Podczas kolejnej konferencji wygłoszonej ponownie przez ks. dra Kacpra Radzkiego z Wrocławia zatytułowanej: Bądź zaciekawiony a nie rozjuszony – kilka kroków do zrozumienia innych zostały wskazane pewne elementy warsztatowe mogące być podstawą naszej pracy z dziećmi i młodzieżą.
Prelegent wskazał na różne style wychowania, które są stosowane:
– autokratyczny – dominacja jednego z wychowawców, charakteryzuje się jednostronną komunikacją, hamuje rozwój emocjonalny, społeczny i moralny, wywołuje agresję i autoagresję;
– liberalny – stwarzanie niczym nie skrępowanych warunków działania dziecka; prowadzi do braku granic, powoduje nieznajomość norm;
– demokratyczny – najbardziej korzystny dla rozwoju osobowości dziecka; zakłada silną więź emocjonalną wychowawcy z dzieckiem; przedkłada tłumaczenie nad karanie;
Postawa wychowawcza:
Niepożądana – odtrącanie, unikanie, nadmierne wymagania, nadmierna ochrona;
Pożądana – akceptacja, współdziałanie, uznanie praw dziecka, dawanie dziecku rozumnej swobody;
Pięć kroków do zrozumienia innych:
1. wysłuchać z szacunkiem;
2. zapytać co ta osoba ma na myśli i co czuje;
3. zasięgnij opinii osoby, która dysponuje spostrzeżeniami na temat trudnego człowieka;
4. postaraj się wczuć w sytuację tej osoby;
5. postaraj się znaleźć nowy sposób na nawiązanie relacji z tą osobą.

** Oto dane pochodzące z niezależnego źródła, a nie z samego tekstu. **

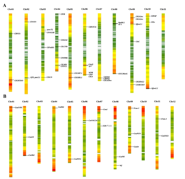 图 2. 目前已鉴定出的西瓜 (A) 和甜瓜 (B) 染色体上基因或数量性状基因座 (QTL) 的分布情况。颜色代表染色体上的基因密度。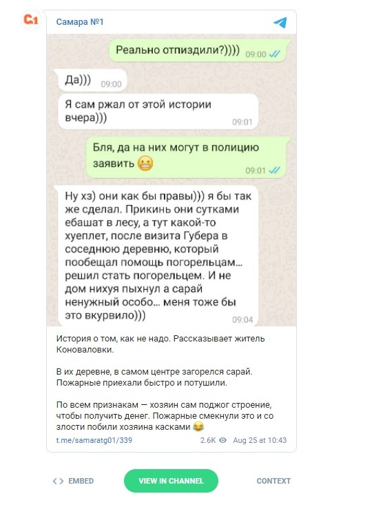 В телеграм-канале "Самара №1" опубликовали переписку местных жителей, где они выражали свою солидарность с действиями пожарных.

Ostatnim punktem programu było przekazanie, przez ks. Bpa Piotra Gregera stanu prac Komisji ds. Kultu Bożego i Dyscypliny Sakramentów KEP. Komisja pracuje nad:
– Martyrologium – jest na etapie oczekiwania na recognitio z Dykasterii ds. Kultu Bożego i Dyscypliny Sakramentów;
– jest również przygotowany program formacji ustanowionego lektora, akolity i katechisty – czekamy na dokument z Dykasterii;
– Mszał rzymski – 7 listopada 2023 r. zostało zamknięte pełne tłumaczenie tekstu;
– został już wydany dekret zatwierdzający nowe brzmienie hymnu na wspomnienie bł. Karoliny Kózkówny;
–rok jubileuszowy 2025 – skomponowana została melodia do hymnu na ten rok;
– przygotowywane jest nowe wydanie Obrzędów chrześcijańskiego pogrzebu z urną;
– zatwierdzony został cały formularz mszalny, z własną prefacją, na wspomnienie św. Jadwigi, królowej.
74 spotkanie Diecezjalnych duszpasterzy służby liturgicznej zostało zakończone 9 listopada 2023 r. wspólnym odmówienie modlitwy w ciągu dnia.